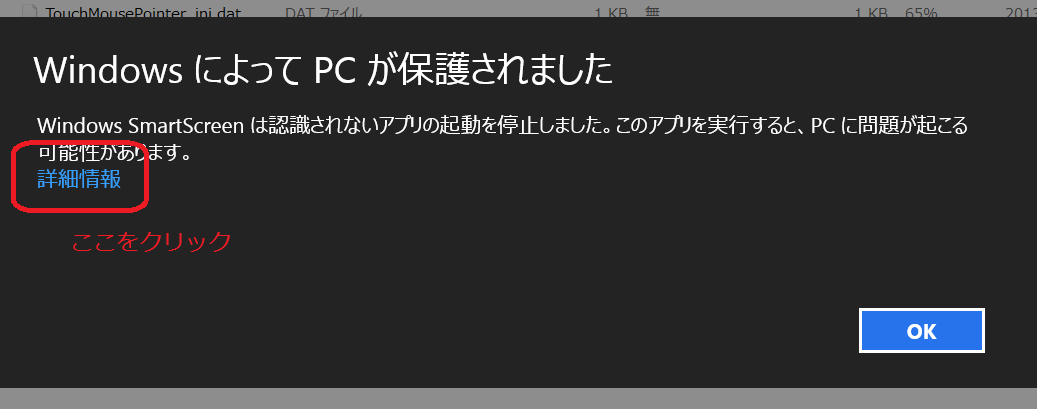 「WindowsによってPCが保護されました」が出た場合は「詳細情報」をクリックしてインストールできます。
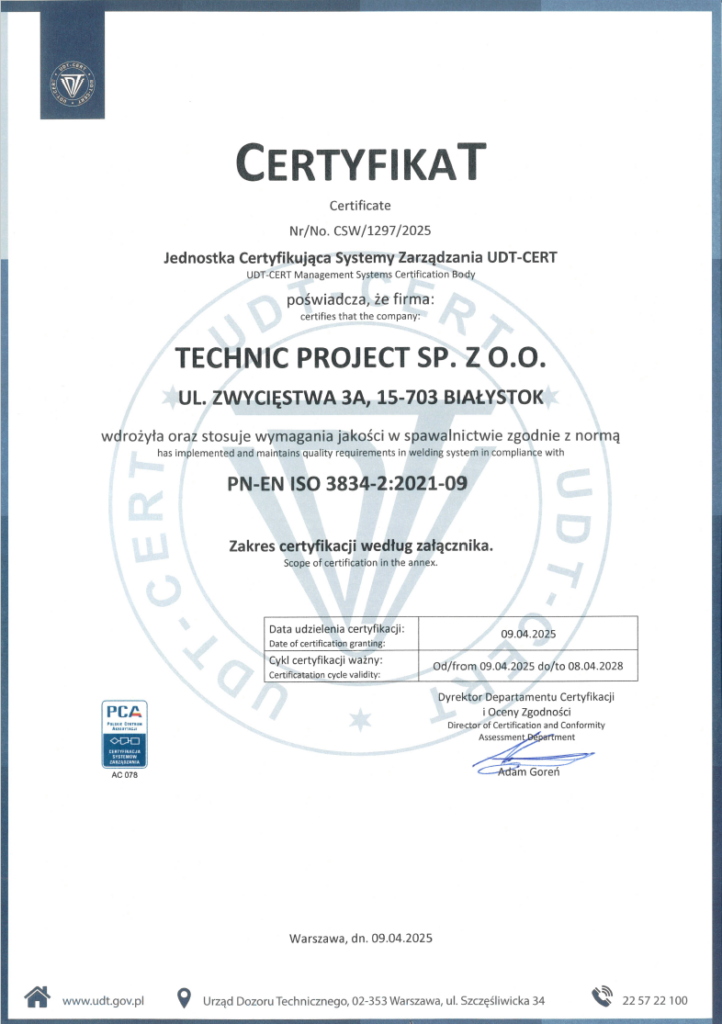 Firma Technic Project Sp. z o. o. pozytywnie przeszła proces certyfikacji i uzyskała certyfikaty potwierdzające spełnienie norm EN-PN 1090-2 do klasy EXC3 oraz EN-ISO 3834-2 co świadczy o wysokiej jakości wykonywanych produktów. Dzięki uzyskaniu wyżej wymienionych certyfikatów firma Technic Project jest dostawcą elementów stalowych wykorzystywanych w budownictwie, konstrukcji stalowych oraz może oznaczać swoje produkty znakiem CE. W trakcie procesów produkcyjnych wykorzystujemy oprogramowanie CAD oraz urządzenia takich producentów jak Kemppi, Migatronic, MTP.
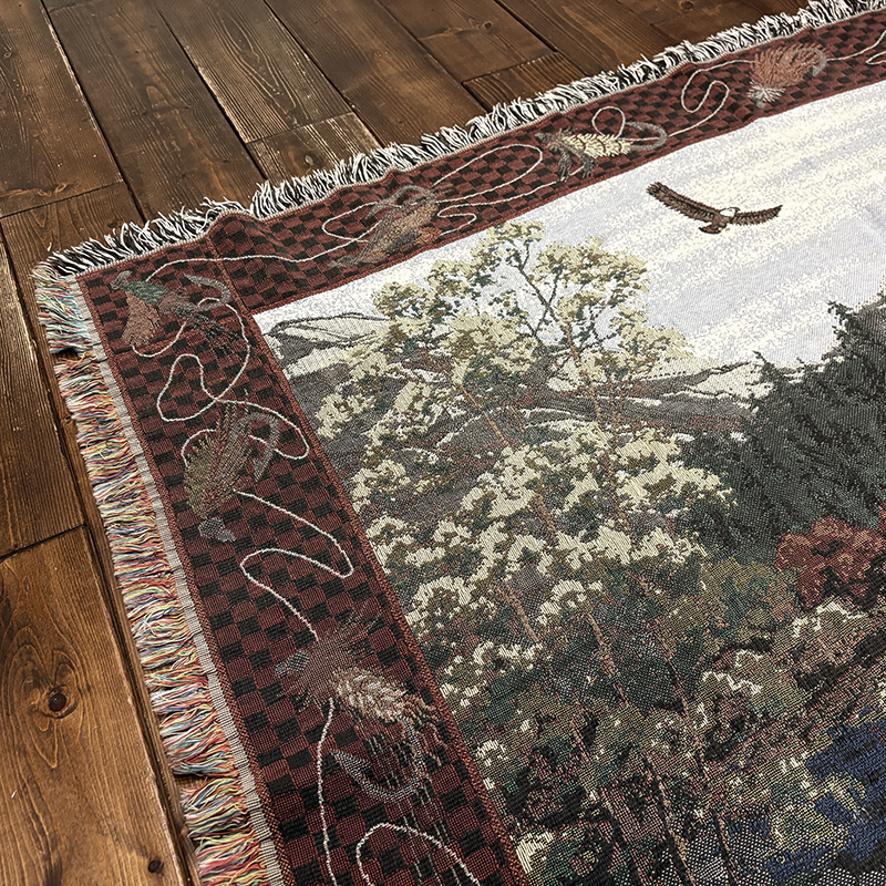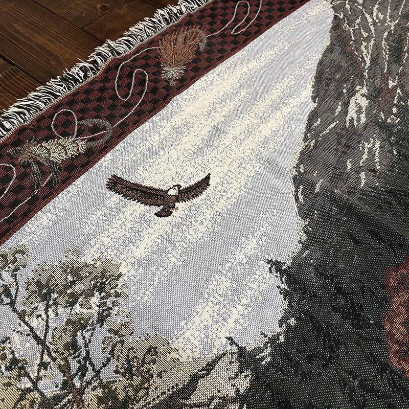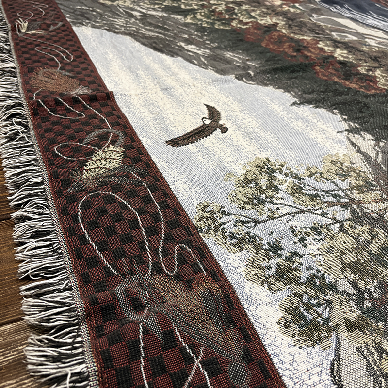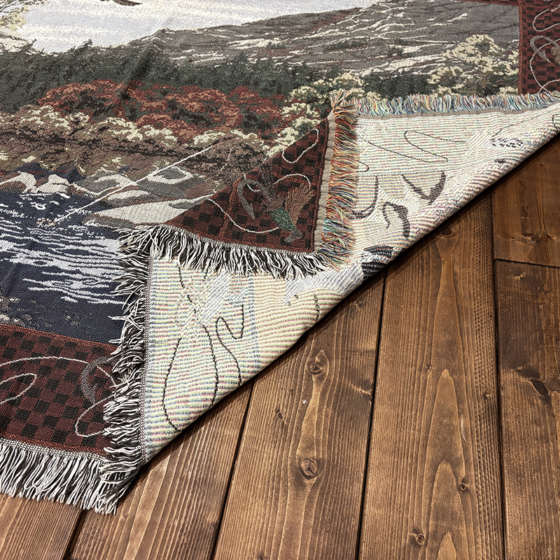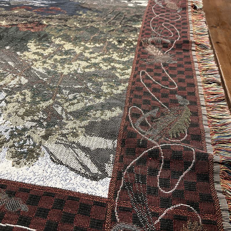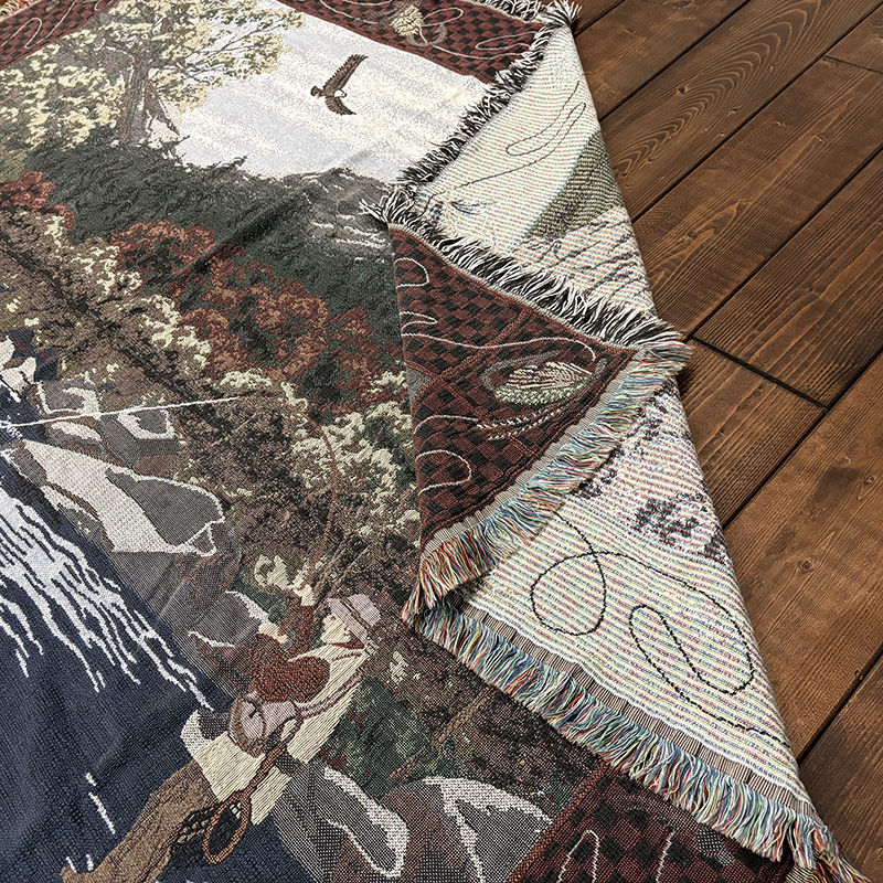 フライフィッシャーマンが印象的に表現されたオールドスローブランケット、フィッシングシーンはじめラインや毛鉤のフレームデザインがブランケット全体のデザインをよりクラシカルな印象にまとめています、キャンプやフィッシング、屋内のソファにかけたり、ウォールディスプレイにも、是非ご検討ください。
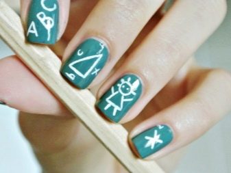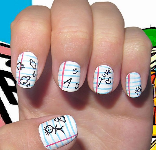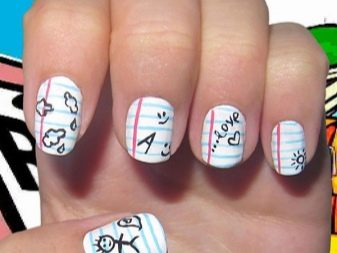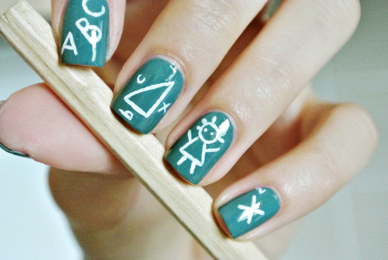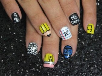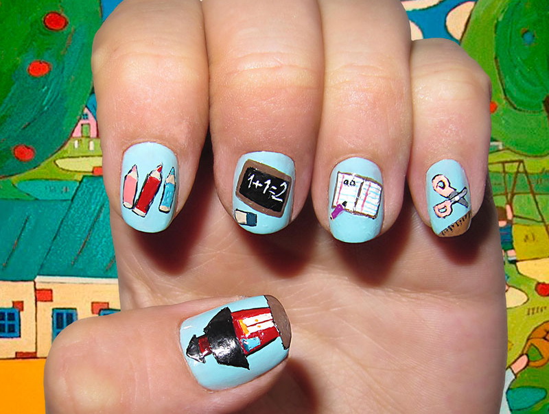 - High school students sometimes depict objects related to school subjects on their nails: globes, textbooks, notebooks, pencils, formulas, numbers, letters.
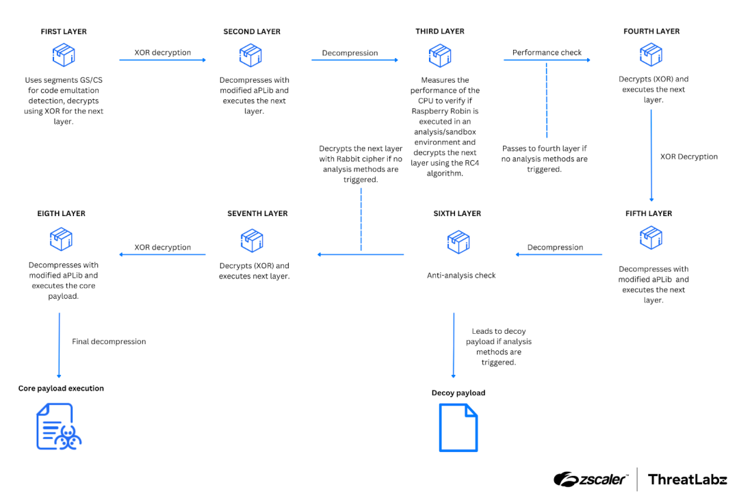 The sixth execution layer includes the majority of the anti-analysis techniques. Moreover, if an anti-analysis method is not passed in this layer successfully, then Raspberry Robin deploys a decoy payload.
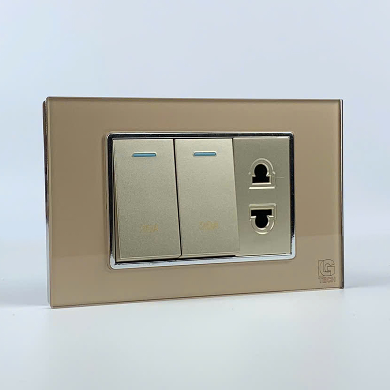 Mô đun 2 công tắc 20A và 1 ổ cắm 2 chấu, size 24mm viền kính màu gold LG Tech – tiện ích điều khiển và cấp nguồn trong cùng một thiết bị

□ □ □ □

WORK TO COMPLETE: Quote the material in full and exactly; do not carry over its pictures.

RESULT OF THE EXERCISE:
 「WindowsによってPCが保護されました」が出た場合は「詳細情報」をクリックしてインストールできます。
 Firma Technic Project Sp. z o. o. pozytywnie przeszła proces certyfikacji i uzyskała certyfikaty potwierdzające spełnienie norm EN-PN 1090-2 do klasy EXC3 oraz EN-ISO 3834-2 co świadczy o wysokiej jakości wykonywanych produktów. Dzięki uzyskaniu wyżej wymienionych certyfikatów firma Technic Project jest dostawcą elementów stalowych wykorzystywanych w budownictwie, konstrukcji stalowych oraz może oznaczać swoje produkty znakiem CE. W trakcie procesów produkcyjnych wykorzystujemy oprogramowanie CAD oraz urządzenia takich producentów jak Kemppi, Migatronic, MTP.
 フライフィッシャーマンが印象的に表現されたオールドスローブランケット、フィッシングシーンはじめラインや毛鉤のフレームデザインがブランケット全体のデザインをよりクラシカルな印象にまとめています、キャンプやフィッシング、屋内のソファにかけたり、ウォールディスプレイにも、是非ご検討ください。
 - High school students sometimes depict objects related to school subjects on their nails: globes, textbooks, notebooks, pencils, formulas, numbers, letters.
 The sixth execution layer includes the majority of the anti-analysis techniques. Moreover, if an anti-analysis method is not passed in this layer successfully, then Raspberry Robin deploys a decoy payload.
 Mô đun 2 công tắc 20A và 1 ổ cắm 2 chấu, size 24mm viền kính màu gold LG Tech – tiện ích điều khiển và cấp nguồn trong cùng một thiết bị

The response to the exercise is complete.